The drama has aroused the Bay Area's curiosity in a big way, even among people who aren't fans. During jury selection, attorneys rejected one potential panelist who admitted that she couldn't be objective about the case, saying: "I was at the grocery store the other day, and two people in front of me, that's all they could talk about."
Another prospective juror wrote bluntly on a questionnaire that she could be objective for one reason: "We all know Mr. Bonds is a jerk, but he is not being prosecuted for that."
She wasn't selected, either.
Legal experts say that even if Bonds is convicted, he is unlikely to do serious jail time.
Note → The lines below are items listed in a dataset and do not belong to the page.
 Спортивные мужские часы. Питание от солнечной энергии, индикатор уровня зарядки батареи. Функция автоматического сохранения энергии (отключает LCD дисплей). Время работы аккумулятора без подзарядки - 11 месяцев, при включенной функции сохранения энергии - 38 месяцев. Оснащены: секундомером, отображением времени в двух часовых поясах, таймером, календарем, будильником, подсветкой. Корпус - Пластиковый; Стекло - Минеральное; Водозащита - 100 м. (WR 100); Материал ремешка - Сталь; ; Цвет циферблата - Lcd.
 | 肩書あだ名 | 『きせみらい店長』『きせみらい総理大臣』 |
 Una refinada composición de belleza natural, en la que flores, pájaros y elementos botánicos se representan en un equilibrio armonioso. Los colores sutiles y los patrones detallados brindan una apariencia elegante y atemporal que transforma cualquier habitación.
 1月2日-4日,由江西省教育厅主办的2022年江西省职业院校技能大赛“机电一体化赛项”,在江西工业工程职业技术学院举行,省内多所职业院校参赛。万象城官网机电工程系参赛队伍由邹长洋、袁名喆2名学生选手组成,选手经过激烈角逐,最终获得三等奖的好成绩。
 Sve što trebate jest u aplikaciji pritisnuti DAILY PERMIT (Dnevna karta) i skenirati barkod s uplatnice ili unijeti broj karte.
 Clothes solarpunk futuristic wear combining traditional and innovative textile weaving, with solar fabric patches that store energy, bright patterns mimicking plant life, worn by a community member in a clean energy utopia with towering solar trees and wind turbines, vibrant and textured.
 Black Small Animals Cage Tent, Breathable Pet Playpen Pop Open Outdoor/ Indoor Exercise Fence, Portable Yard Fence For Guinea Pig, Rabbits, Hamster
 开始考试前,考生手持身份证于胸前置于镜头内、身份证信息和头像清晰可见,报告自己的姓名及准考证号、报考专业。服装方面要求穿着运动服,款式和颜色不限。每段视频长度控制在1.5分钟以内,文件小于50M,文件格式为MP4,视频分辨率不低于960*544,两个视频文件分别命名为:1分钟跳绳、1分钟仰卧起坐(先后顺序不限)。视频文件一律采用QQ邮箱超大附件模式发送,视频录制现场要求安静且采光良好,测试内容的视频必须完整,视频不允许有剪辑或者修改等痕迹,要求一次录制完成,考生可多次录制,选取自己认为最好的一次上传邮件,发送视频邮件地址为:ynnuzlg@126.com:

Other athletes found guilty of lying under oath in the BALCO case have received very short terms or home confinement. But win or lose, Bonds' never-loveable image will take a hit by the public airing of his dirty laundry. And none of it will be good for baseball.
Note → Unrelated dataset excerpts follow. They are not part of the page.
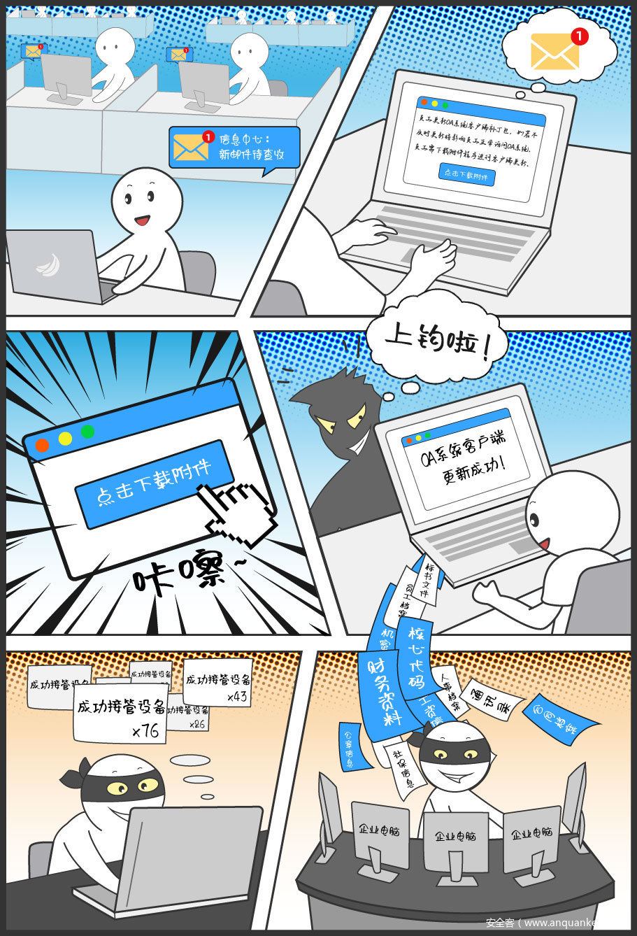 不久后该公司便发生了严重的财务和研发资料泄露,造成了难以挽回的损失。事后通过专业安全公司的紧急排查,才发现源头竟然是那封邮件惹的祸,并且当天就有76名员工下载并运行了附件程序。
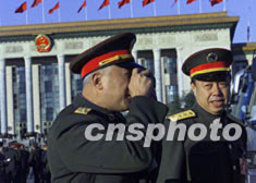 出席中共十六大的白發(fā)將軍在北京人民大會堂前拍攝有紀(jì)念意義的瞬間。作者:滿會喬
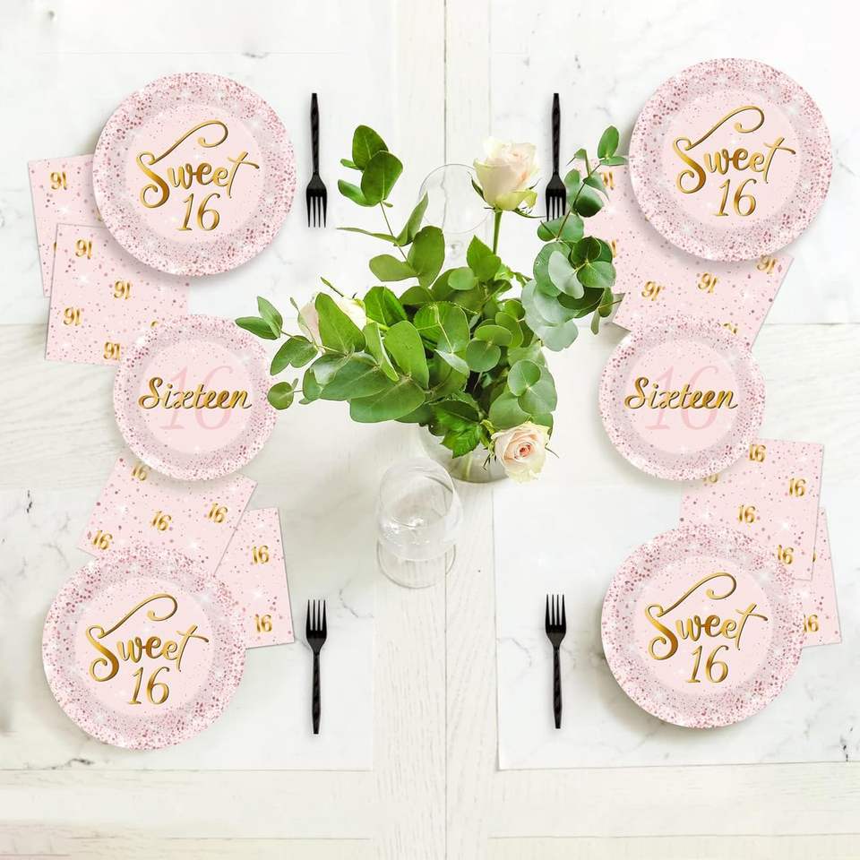 Hot Selling 7 Inch Modern Style Disposable Rose Gold Foil Plate Marvellous Quality 16 Birthday Supplies Sweet Theme Paper Food

Example: The trial's most dramatic moment so far occurred when prosecutors played the audio tape of Anderson speaking to former Bonds business partner Steve Hoskins in the Giants clubhouse during the 2003 season. On the tape, in the midst of a conversation about the proper way to inject steroid needles, Anderson momentarily pauses to say as an aside, "Hi, Benito," (Santiago, the Giants catcher at the time). Anderson then casually continues the conversation.
Apparently, in those days, performance enhancing drugs were so prevalent that Anderson felt comfortable discussing them within earshot of the entire Giant roster. A further reminder of that era will surface in a few months. Former pitcher Roger Clemens, the game's only seven-time Cy Young award winner, will face his own perjury charges for making alleged false statements about his steroid use to a 2008 congressional panel.
Clemens' trial should begin in July, right before the All-Star Game. For Selig and his sport, this is going to be a long, pimply season.